WHAT IS BEING ASKED: Everything in the listing below must be set down again exactly, apart from the pictures.

DATASET SECTION:
>>>>
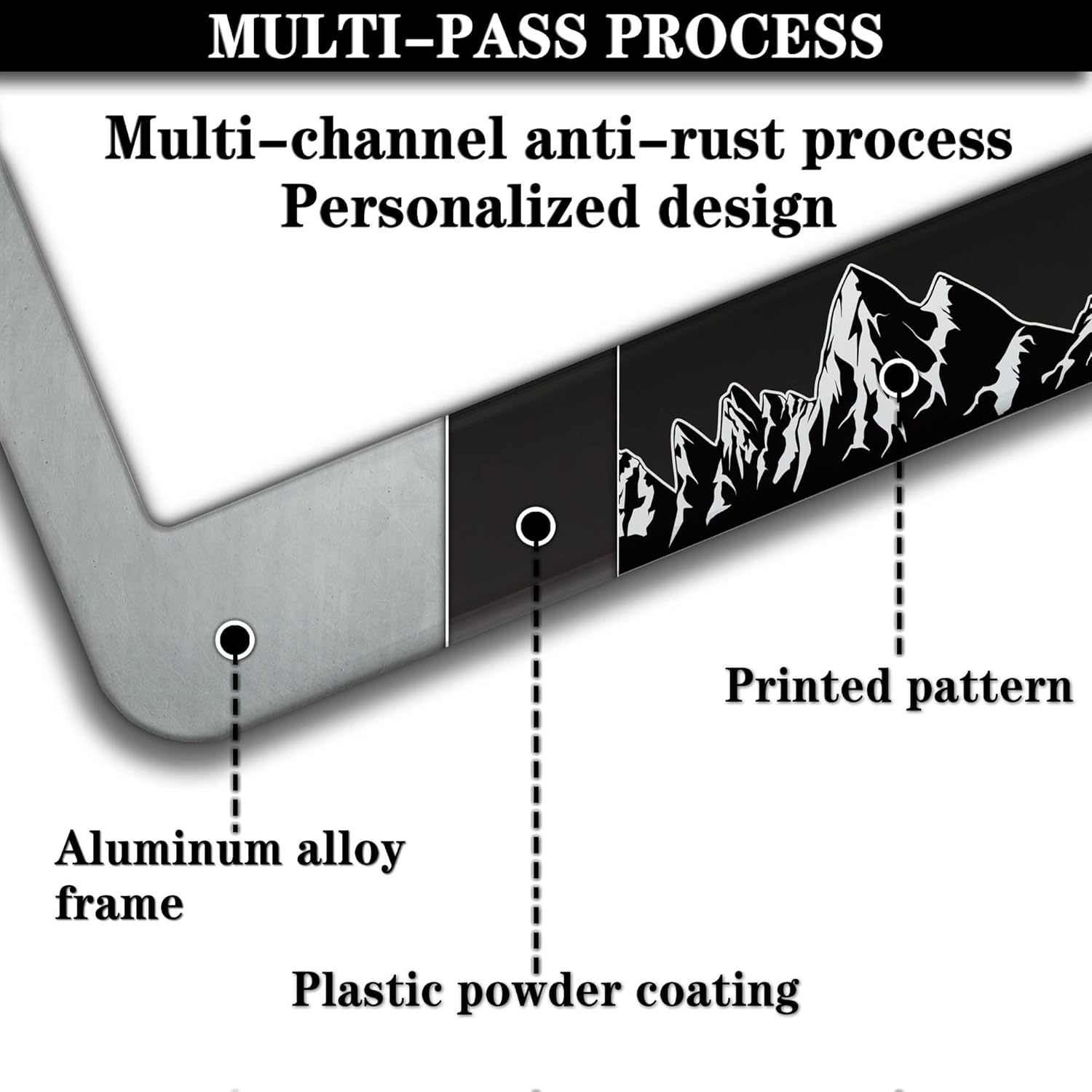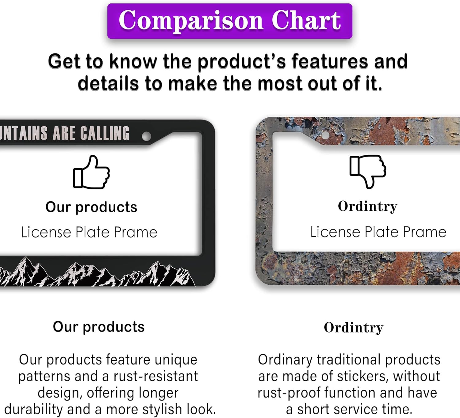 - ALUMINUM FRAME: This License Plate Frame is crafted from high-quality aluminum that is resistant to corrosion, rust, and harsh weather conditions. Its rugged reliability design ensures a long lifespan, making it capable of withstanding car washes and extreme weather, providing you with a reliable and stylish solution for your vehicle.
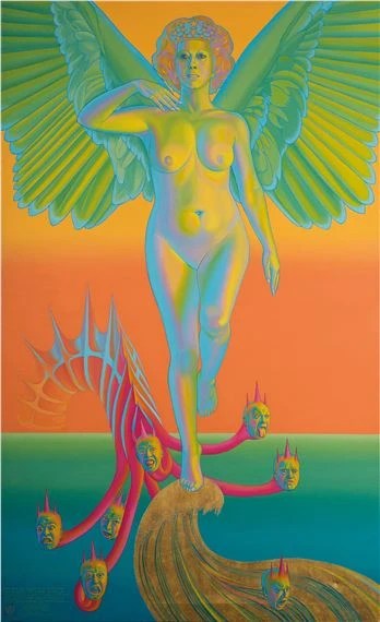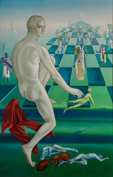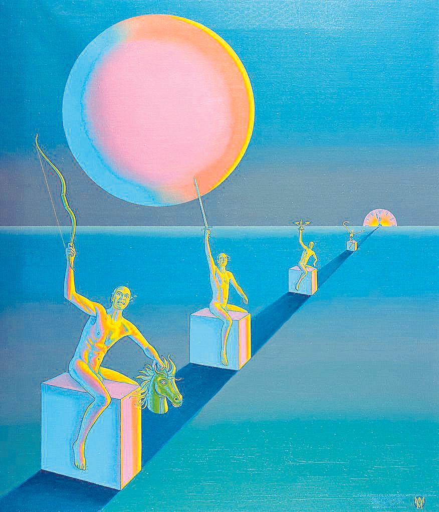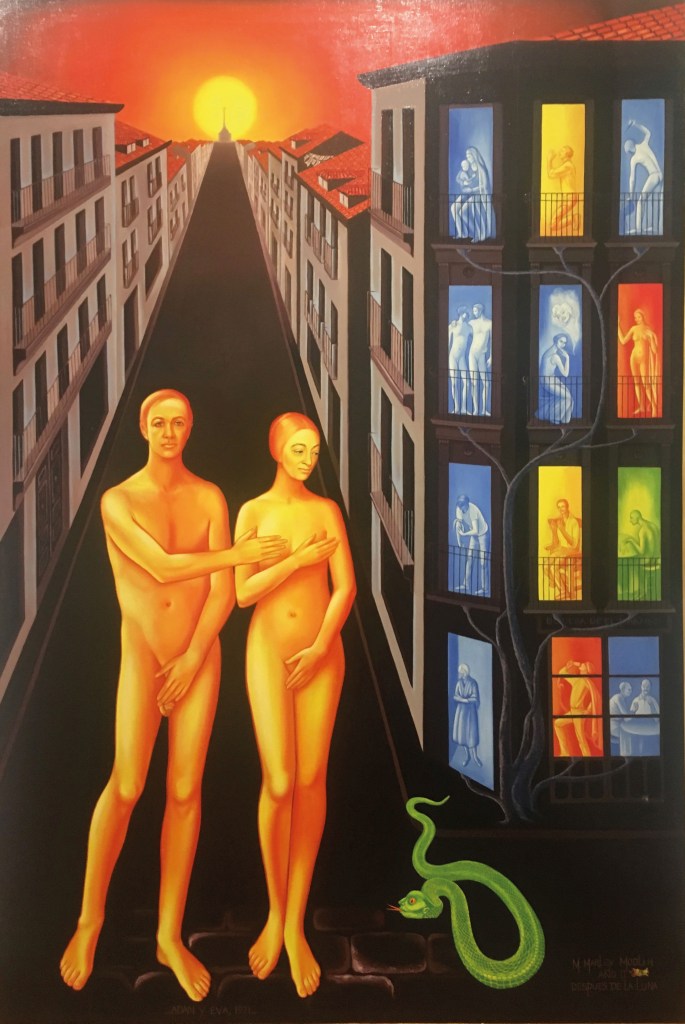 Margaret Marley Modlin (Robeson, Carolina del Norte, USA, 1927-1998) fue una artista que desarrollo su carrera en Madrid, ciudad en la que vivió – según se dice, de un modo extravagante – junto a su marido Elmer y su hijo. Los detalles de su vida nos han sido contados por el fotógrafo Paco Gómez en su obra «Los Modlin, una historia surgida de la basura» pero alejándonos de las anécdotas personales, quiero mostrarles una pintura, cuanto menos curiosa, interesante siempre, surrealista. En ella el dibujo precede al color.
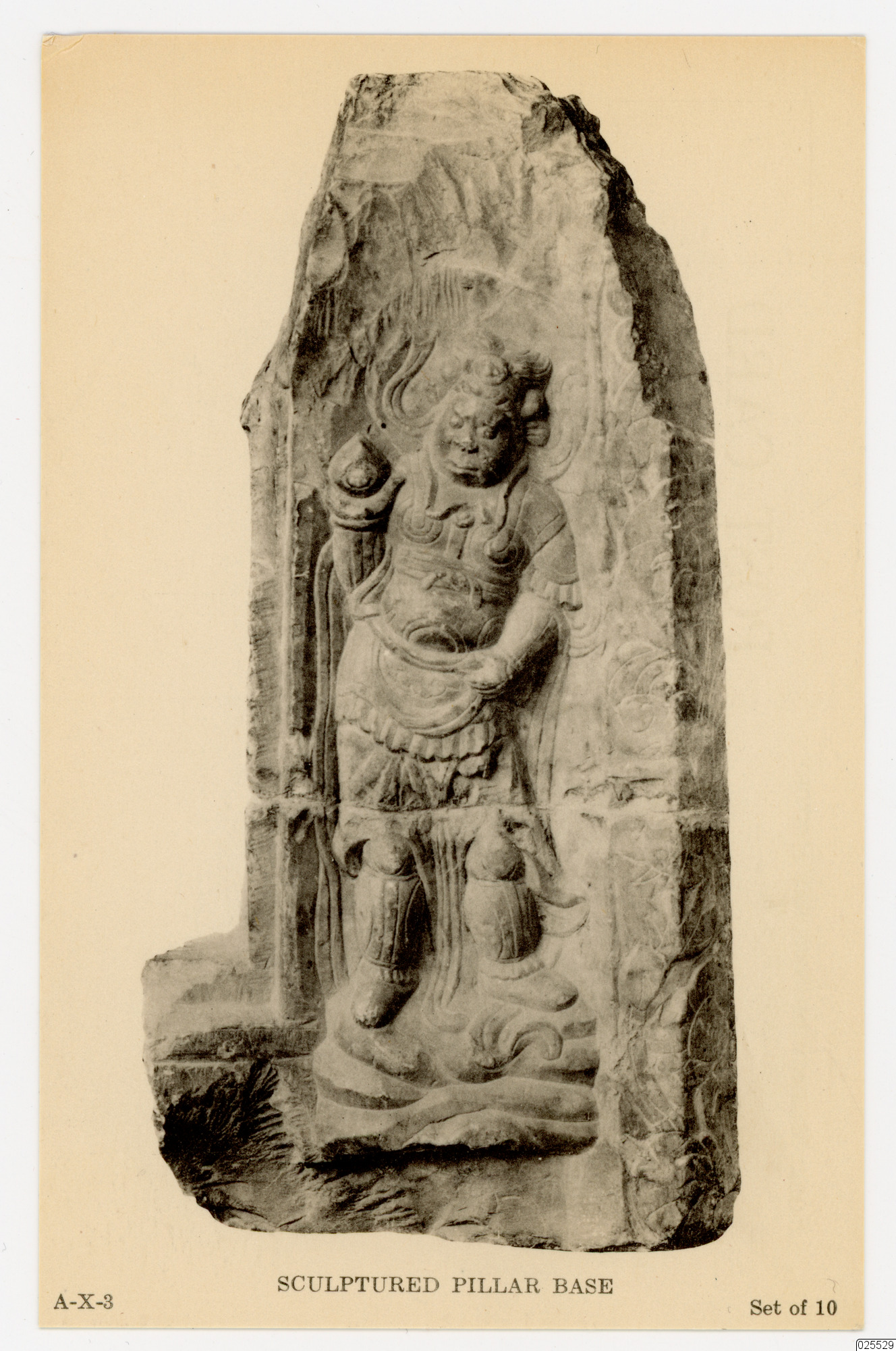 Skulpterad pelarbas. En av världens väktare är avbildad i hög relief, klädd i en komplett rustning och håller en juvel i sin högra handflata. Juvelen är en symbol för den buddhistiska religionen.
<<<<
ANSWER SPACE:
 - ALUMINUM FRAME: This License Plate Frame is crafted from high-quality aluminum that is resistant to corrosion, rust, and harsh weather conditions. Its rugged reliability design ensures a long lifespan, making it capable of withstanding car washes and extreme weather, providing you with a reliable and stylish solution for your vehicle.
 Margaret Marley Modlin (Robeson, Carolina del Norte, USA, 1927-1998) fue una artista que desarrollo su carrera en Madrid, ciudad en la que vivió – según se dice, de un modo extravagante – junto a su marido Elmer y su hijo. Los detalles de su vida nos han sido contados por el fotógrafo Paco Gómez en su obra «Los Modlin, una historia surgida de la basura» pero alejándonos de las anécdotas personales, quiero mostrarles una pintura, cuanto menos curiosa, interesante siempre, surrealista. En ella el dibujo precede al color.
 Skulpterad pelarbas. En av världens väktare är avbildad i hög relief, klädd i en komplett rustning och håller en juvel i sin högra handflata. Juvelen är en symbol för den buddhistiska religionen.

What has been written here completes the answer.